In March, Myer’s shareholders received their first dividend since 2017 and the company expects to release its FY22 results during September.
Cash on hand $155m compared to $112m at the end of FY21.
Second half profit for 2022 for the 26 weeks to July 30 between $23m and $28m, up between 160% and 217% compared to the net profit of $8.8m for the 27 weeks to July 31, 2021.
Total sales in the July half up, gaining between 16.5% and 17.3% from the year-earlier
Full-year sales to gain between 12.3% and 12.7% to $2.97bn - $2.99bn compared with the year-earlier period’s $2.66bn, which included 53 weeks of sales.
Online revenue to rise between 32.5% -34.4% from the year-earlier period, and, between $715m-$725m.
It appears shoppers kept spending post-Christmas trade with, which was hampered by store closures.
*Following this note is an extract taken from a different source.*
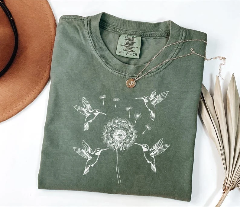 Embrace the delicate beauty of nature with our Comfort Colors® Dandelion Hummingbird Shirt. This garment-dyed tee offers a soft, vintage-washed look that perfectly complements its spiritual, good-luck design. It’s the ideal bird lover gift, offering a relaxed unisex fit for everyday comfort and style. This beautiful spring bird shirt is a wonderful addition to any wardrobe.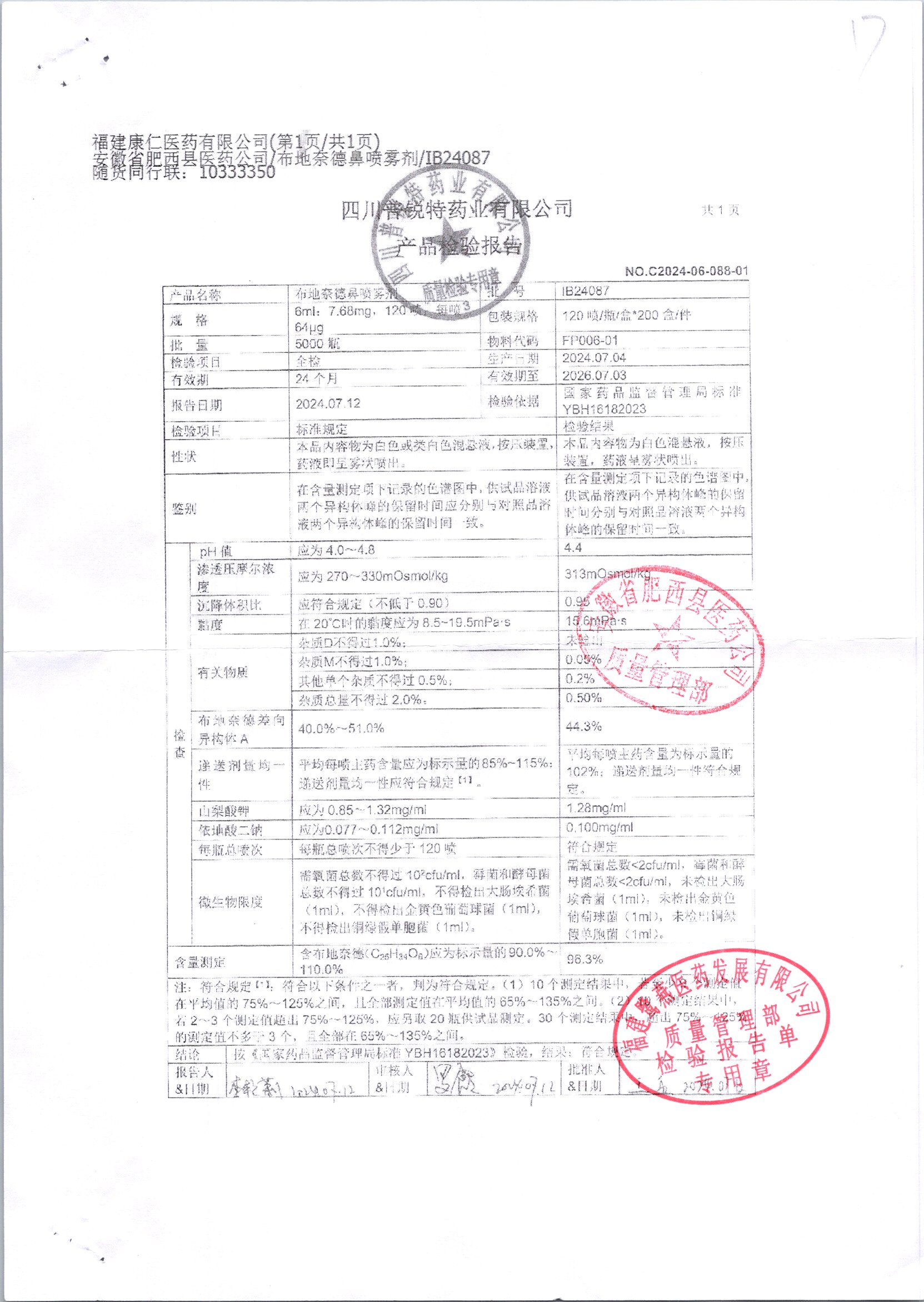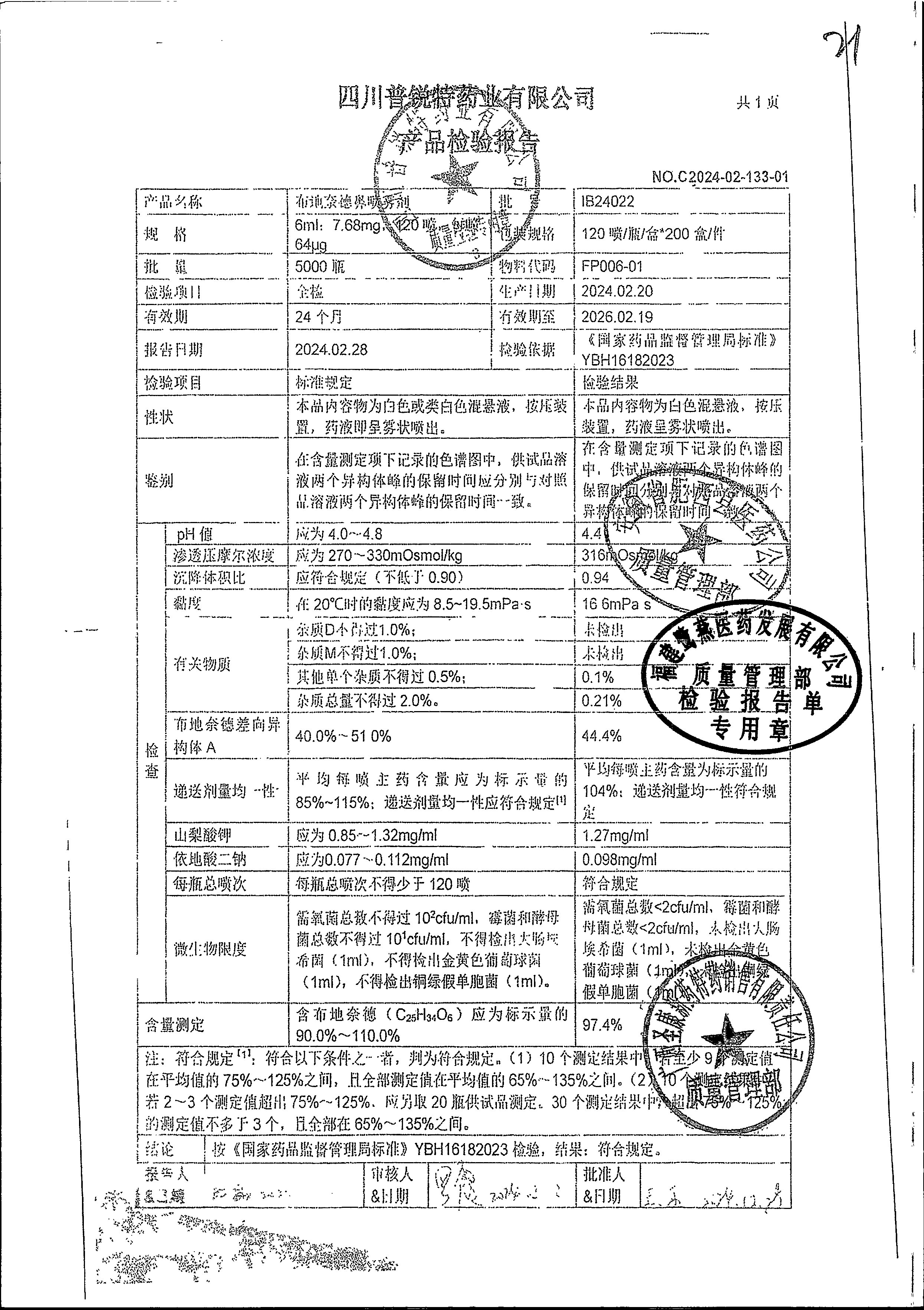 | 布地奈德鼻噴霧劑 | 6ml:7.68mg,120噴*200 | IB24078 | 查看詳情 |

Commenting on today’s update CEO John King notes the continuation of sales growth into the second half, after a tough first half year, with the first quarter heavily impacted by store closures and declining consumer confidence.
King reminded investors that the Customer First Plan is continuing to deliver positive outcomes for the business, with all categories achieving sales growth over last year.
“The momentum in the second half in terms of sales growth both in-store and online, profitability and strengthening of our balance sheet places us well as we go into the new financial year,” noted King who embarked on a turnaround strategy five years ago.
While stock on hand is nearly 10% higher than the same time last year, after bulking up inventory to offset global supply chain delays, management notes clearance inventory continues to be well managed at 6.2% of department store stock on hand.
Today’s result should go some way appeasing major shareholder and Melbourne-based billionaire Solomon Lew (20%) who has agitated to see the board changed following disillusionment about company’s previous ailing performance.
At the half year King also noted that having grown nearly fourfold in the past four years, Myer is now one of the biggest online retail businesses in the country.
“In key categories, our growth is significantly outpacing competitors, both multichannel retailers and online pure plays.”
Consensus on Myer is Hold.
Based on Morningstar’s fair value of $0.76 the stock is undervalued.